Her face was somewhat plain, but you’d never know it from the way she carried herself. She looked several years younger than Clara, maybe eighteen or so, wearing a green silk dress and shiny patent leather oxfords.
“Miss Johnson,” she said, holding her hand out. “I’m Louise Wyatt, and I need your help.”
A stinging sensation nettled Clara, uncomfortable and insistent, locking her into action. It wasn’t due to the heat or the traffic; this was pure magic. She could not deny someone who came to her for help, that was the deal she’d made when she was about Louise’s age—and one she could never ignore. Guilt for something that hadn’t even happened yet attached itself to her like a suit of armor.
“Come inside, then,” she grumbled and pushed the door open.
2
MISS LOUISE WYATT
Miss Louise Wyatt chattered all the way up the steps to the second-floor apartment. She apologized for calling at the end of a workday, but this was an absolutely urgent situation and it just couldn’t wait for the weekend. Clara unlocked the door, a headache already blooming. She ushered the girl inside and set her purse down on the table. Next to it, a wooden folding cot rested against the wall, draped with a dirty apron that would need a good bleaching to be white again.

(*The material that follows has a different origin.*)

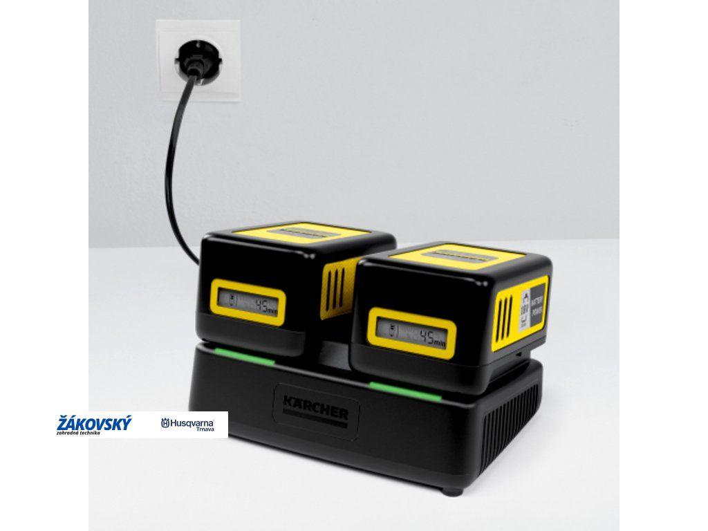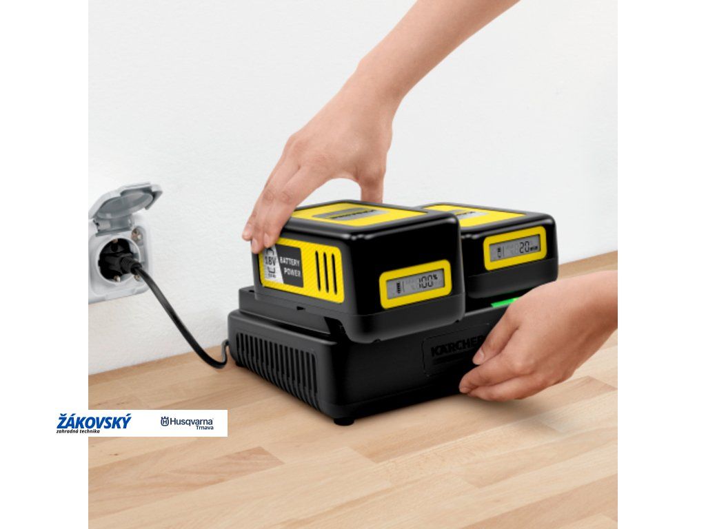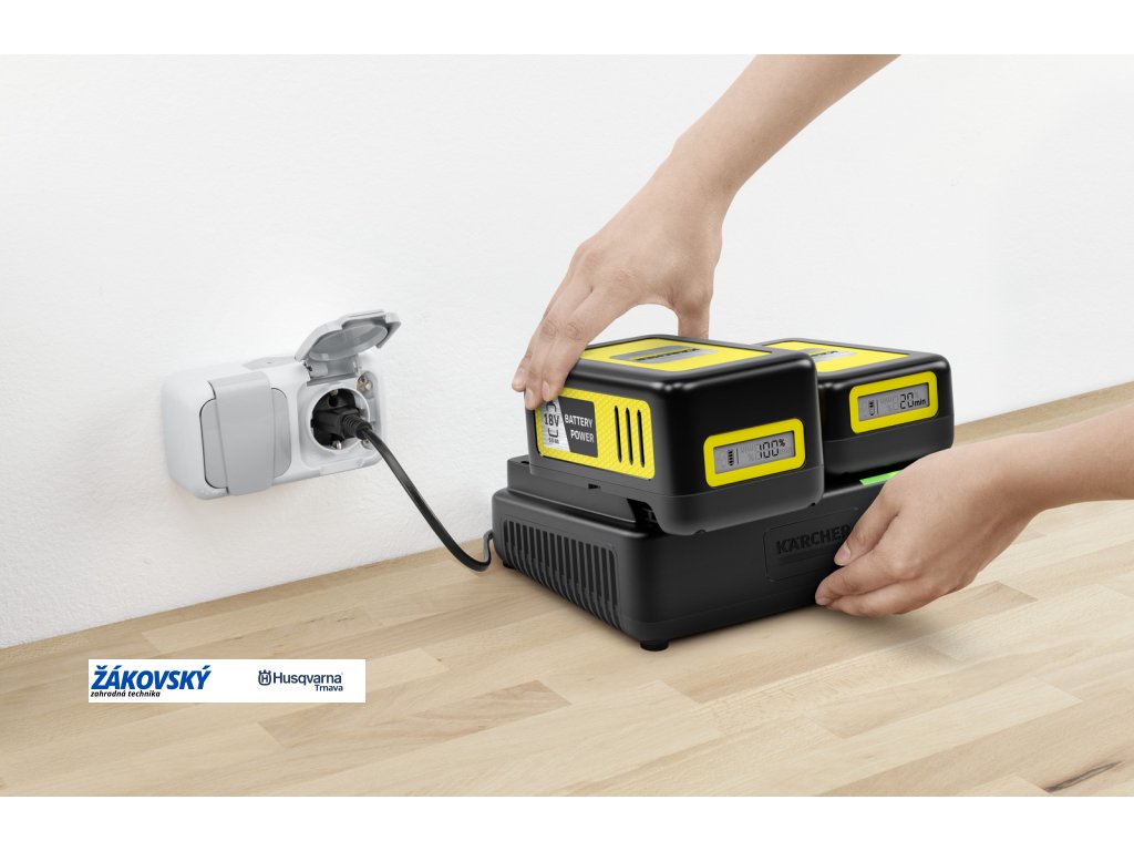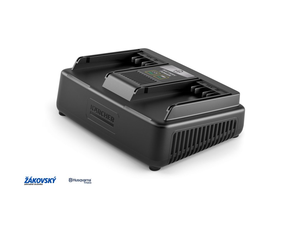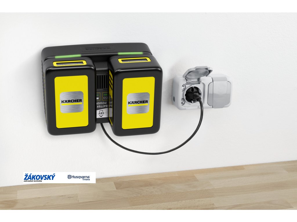 Duálna rýchlonabíjačka dokáže nabíjať 2 batérie súčasne vďaka 2 slotom. Dá sa ľahko pripevniť na stenu pomocou vstavaného nástenného držiaka. Rýchlonabíjačka nabije 18 V/2,5 Ah batérie Kärcher Battery Power na 80 % len za 44 minút. Dá sa použiť aj na dobíjanie všetkých ostatných 18 V vymeniteľných batérií na 18 V batériovej platforme Kärcher.Dodatočné parametre
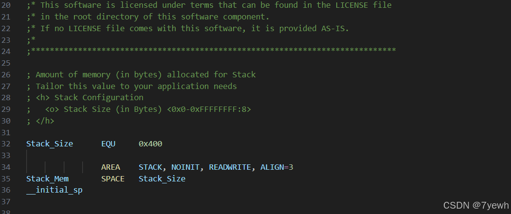 Stack_Size EQU 0x400 uses the EQU pseudo-instruction to define the size of the stack. You can think of EQU as being similar to #define in C. Here, the stack size is set to 0x400, which is 1024 bytes (1 KB).

The owner of the apron stood at the stove, measuring coffee grounds into the percolator. Louise entered and took a slow look around the small space, then froze at the sight of Zelda. “Oh my!” she said, blinking rapidly.
Used to reactions far more severe, Zelda struck a pose at the stove with her hand on her hip. She was dressed in a pair of sports knickers buttoned below the knee, with striped socks and a man’s button-up shirt. Her shock of fluffy, pale golden hair had been wrangled into a braid circling her head.

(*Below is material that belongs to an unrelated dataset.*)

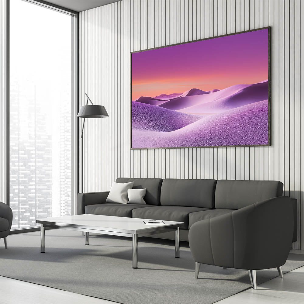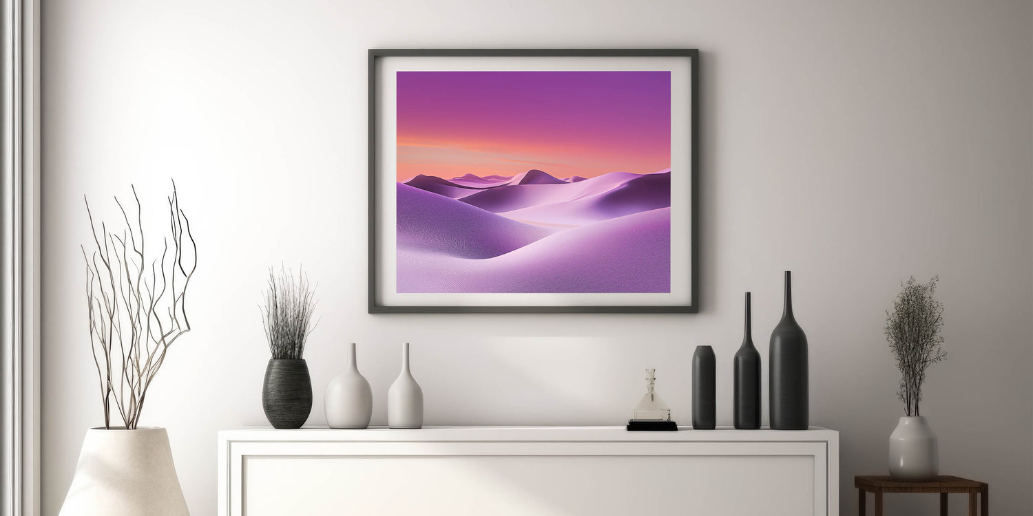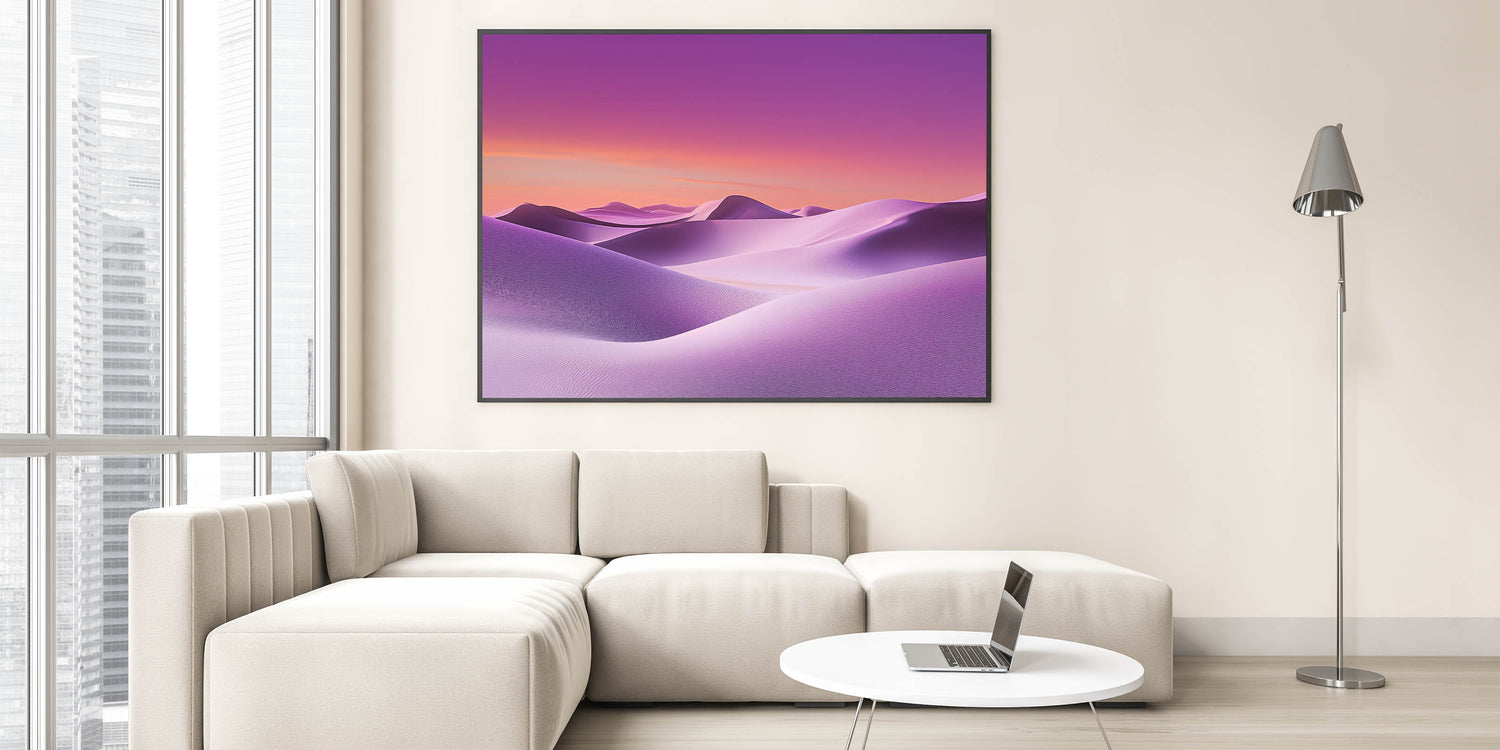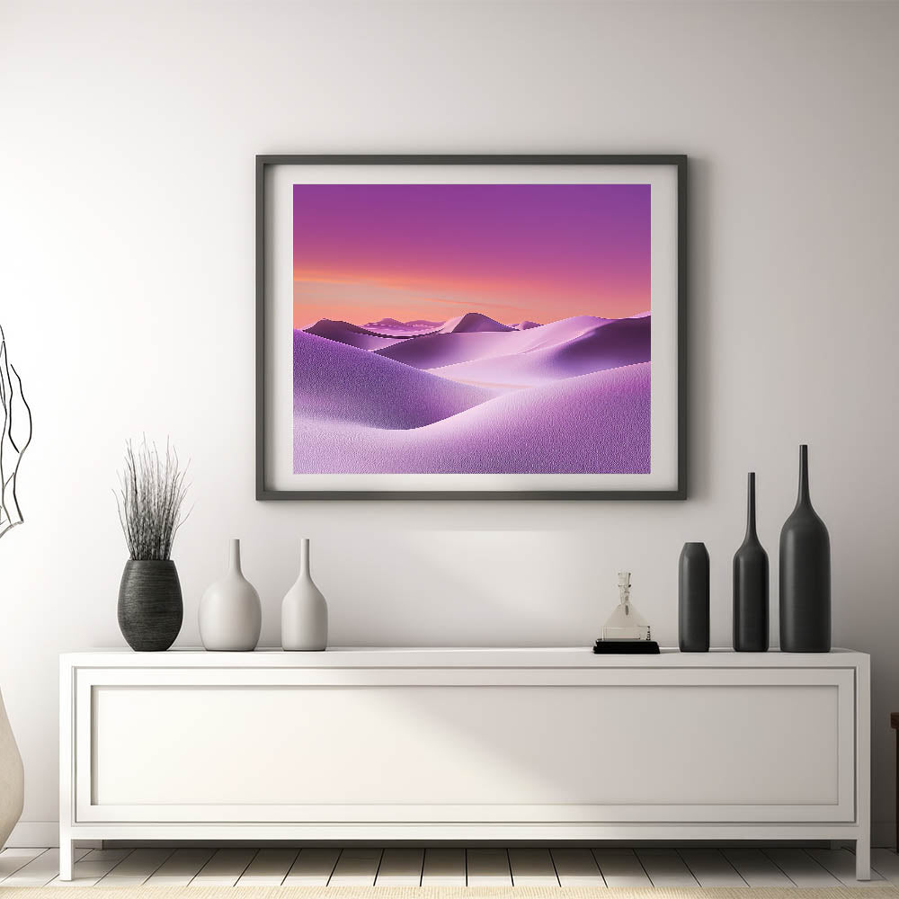 Embrace the serene elegance of this desert wall art, featuring rolling lavender dunes illuminated by a soft and warm sunset glow. The captivating blend of pastel hues creates a tranquil and dreamlike ambiance, perfect for elevating any space.

“Miss Wyatt, this is Zelda Coleman. I agreed to let her stay on my couch until she found a place of her own. That was six months ago,” Clara said wryly.
“Y-you have a white roommate?” Louise actually took a step back.

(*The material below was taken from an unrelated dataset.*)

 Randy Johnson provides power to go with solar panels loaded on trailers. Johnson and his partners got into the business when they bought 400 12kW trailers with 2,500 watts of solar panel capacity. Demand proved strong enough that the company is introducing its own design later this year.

Zelda, taking perverse glee in this assumption, bared her teeth in a frightening smile. “Why, I’m just as Colored as you are.”
Clara slipped off her shoes and wiggled her pinched toes before taking a seat on the couch. “She ain’t white, she’s an albino.”
Zelda crossed the space and sidled up to Louise to give her a good look. Her skin was pale as milk, but her broad features were unmistakably Negro. Brown eyes ringed with blonde lashes glittered with amusement. Zelda held out her hand and Louise stared at it for a moment before blinking rapidly and offering her own to shake.
“Oh, how… interesting.” Louise’s complexion, a cool buttercream with plenty of warm undertones, was much closer to Zelda’s than to Clara’s. Her bearing and manner shouted a so-called better class of people than either Clara or Zelda could lay claim to. She probably ran in the same lofty circles as that jackass at work.
“What was it you needed help with, Miss Wyatt?”
It took a moment for Louise to extract herself from Zelda’s firm grip. She smiled nervously before perching on the seat of the wobbly armchair. “Please, call me Louise. You see, I—” She looked back toward the kitchenette, but Zelda had slipped out silently to give them privacy.
Louise took a deep breath. “There’s a young man. Robert.” A dreamy smile overtook her face. “And he was courting me.”
The air next to her shimmered and a diaphanous figure began to take shape. Clara ignored the spirit, focusing on Louise’s words. “He told me how much he loved me, and, well, I believed him.”
“That gal gave up the goodies is what she did,” a slightly hoarse voice announced. A sturdy body began to take shape, with arms crossed in disapproval.